Is there no option to train SAC with a convolutional network?

Hi,

I noticed that the SAC agent does not appear to have the ability to be trained with a convolutional network. Attached is a screenshot of the default config. I noticed that there are two models here to specify, Q_model and policy_model, but I do not see a way to add a conv_filters option. Am I making a mistake?

CONFIG="""{

 'policy_model':{'dim':12,
          'conv_filters':[[16,[4,4],1],
                         [32,[3,3],2],
                          [512,[6,6],1]]
       },
'Q_model':{'dim':12,
         'conv_filters':[[16,[4,4],1],
                         [32,[3,3],2],
                          [512,[6,6],1]]
         }
 }"""

Link to SAC
https://docs.ray.io/en/master/rllib-algorithms.html#soft-actor-critic-sac

Thanks,
Sam

I Samuel,

How do you pass the config you posted to RLlib?
The code you posted does not look like RLlibs code.
Because generally, you should be able to train any form of neural network with RLlib and SAC, provided it has the appropriate input and output shape.

Cheers

Hi @arturn,

The code I am running augments Rllib for specific research purposes, but it does not alter any of the source code for how the config is ingested by RLlib (or the training, for that matter).

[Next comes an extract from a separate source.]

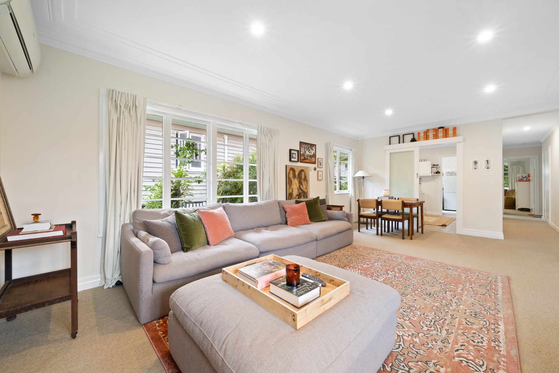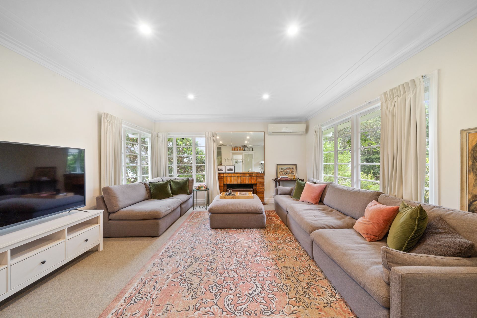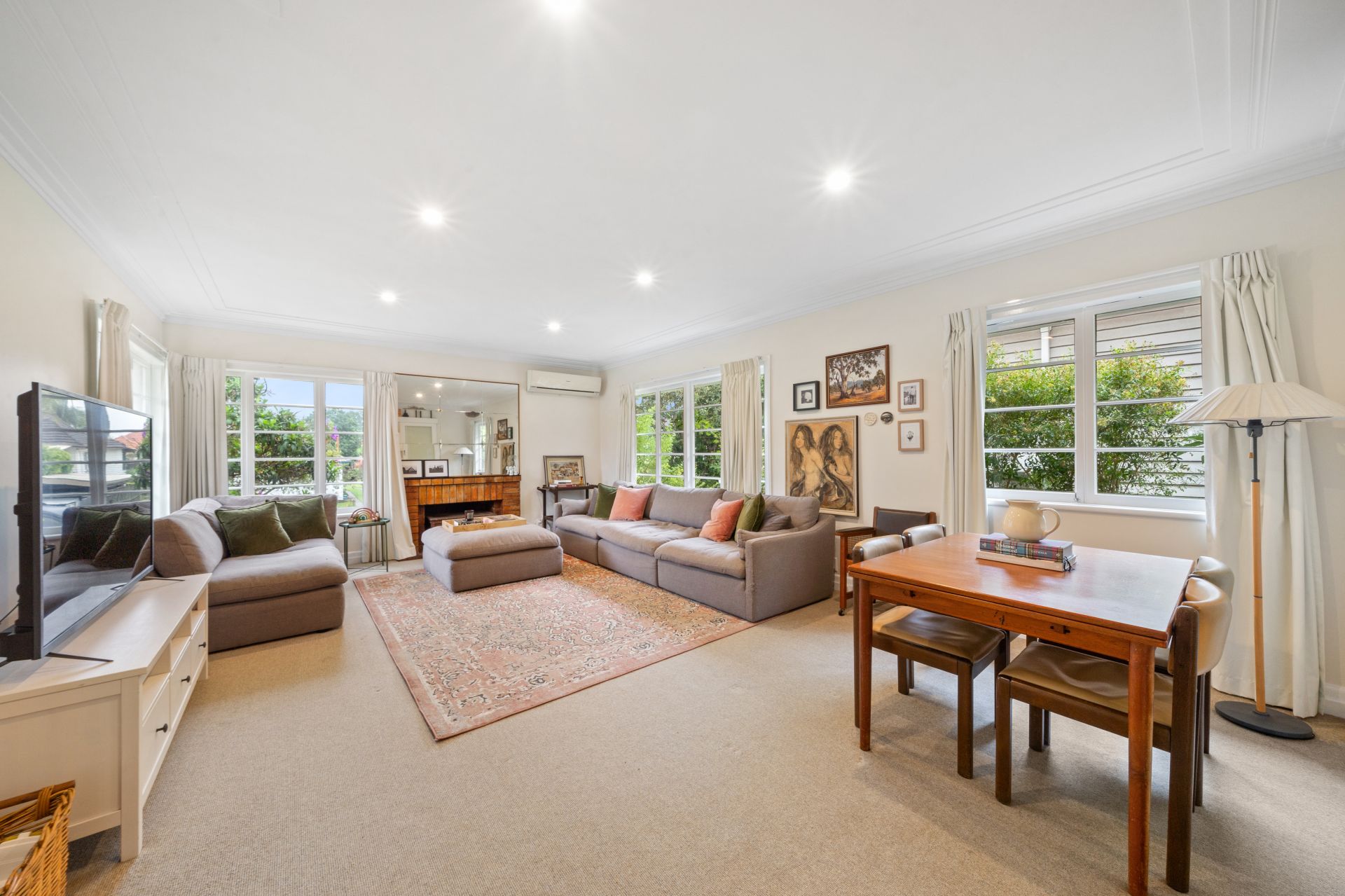 > The spacious living/dining room boasts a brick fireplace and split-system air conditioner ensuring comfort throughout the year. Enjoy the light-filled ambiance complemented by casement windows, ornate cornicing, curtains, and plush carpet flooring.

I need to push a deadline through tonight, but tomorrow I will provide a reproducibility script for this with a general RLlib CLI command. I have used this tool for at least 8 other agents RLlib offers and none of them show this kind of error when defining the model configuration.

Thanks,
Sam

Maybe the CONFIG object gets put into the model field in the ray.tune() call?

The following code works for me:

import ray
from ray import tune

if __name__ == "__main__":
    ray.init()

    config = {
        "env": "Pendulum-v0",
        "Q_model": {
	        "conv_filters": [[16, [4, 4], 1],
	                         [32, [3, 3], 2],
	                         [512, [6, 6], 1]],
	    },
	    "policy_model": {
	        "conv_filters": [[16, [4, 4], 1],
	                         [32, [3, 3], 2],
	                         [512, [6, 6], 1]],
	    },
        "num_workers": 0,
        "framework": "torch",
    }

    stop = {
        "training_iteration": 1,
    }
    
    tune.run("SAC", stop=stop, config=config, verbose=2)

    ray.shutdown()
1 Like